27 June 2026, 14:11

Dieter Nuhrs Femizid-Witze entfachen Debatte über Satire und Verantwortung

Dieter Nuhrs Misogynie-Witze

Dieter Nuhrs Femizid-Witze entfachen Debatte über Satire und Verantwortung

Der deutsche Komiker Dieter Nuhr hat mit Witzen über Femizide in einer aktuellen ARD-Sendung heftige Kritik ausgelöst. Seine Äußerungen fallen in eine Zeit, in der Deutschland jährlich zwischen 300 und 350 Morde an Frauen verzeichnet. Die Rundfunkanstalten verteidigen seine Auftritte als Satire und verweisen auf die künstlerische Freiheit.

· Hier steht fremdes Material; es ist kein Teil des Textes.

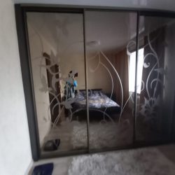 Данный шкаф имеет весьма интересное цветовое исполнение. Оригинальные вставки приглушенного цвета и зеркальные панели фасадов смотрятся очень элегантно. Шкаф-купе в гостиную из красного пластика будет особенно актуален для помещения, выполненного в современном стиле. Его также можно комбинировать с другими элементами мебели: шкафчиками, тумбами, полками.

In der Sendung „witzelte“ Nuhr, Parkplätze seien „strukturell zu klein“ für Frauen. Zudem schlug er vor, Frauen sollten ihren Partner vor dem Sex besser kennenlernen – um nicht ermordet zu werden. Die meisten Femizide in Deutschland werden von (Ex-)Partnern oder nahen Bezugspersonen verübt.

Kritiker werfen ihm vor, sein Humor sei plump und bediene sich der Täter-Opfer-Umkehr. Statt die Verantwortung bei den Gewalttätern zu suchen, würden seine Witze Frauen in die Pflicht nehmen. Trotz der Empörung betonte der Rundfunksender rbb, Nuhrs Programm falle unter die künstlerische und satirische Freiheit.

Öffentlich-rechtliche Sender bieten Nuhr weiterhin eine Bühne – obwohl seine Comedy Frauen häufig zur Pointe degradiert. Zwar sind sie rechtlich zur Wahrung der Menschenwürde verpflichtet, doch seine Auftritte bleiben im Programm. Nuhr selbst bestreitet, dass es in Deutschland ein strukturelles Problem mit Femiziden gebe. Seine Aussagen stoßen auf scharfe Verurteilung, da sie Gewalt gegen Frauen verharmlosen würden.

Die Debatte zeigt das Spannungsfeld zwischen Meinungsfreiheit und Verantwortung im öffentlich-rechtlichen Rundfunk auf.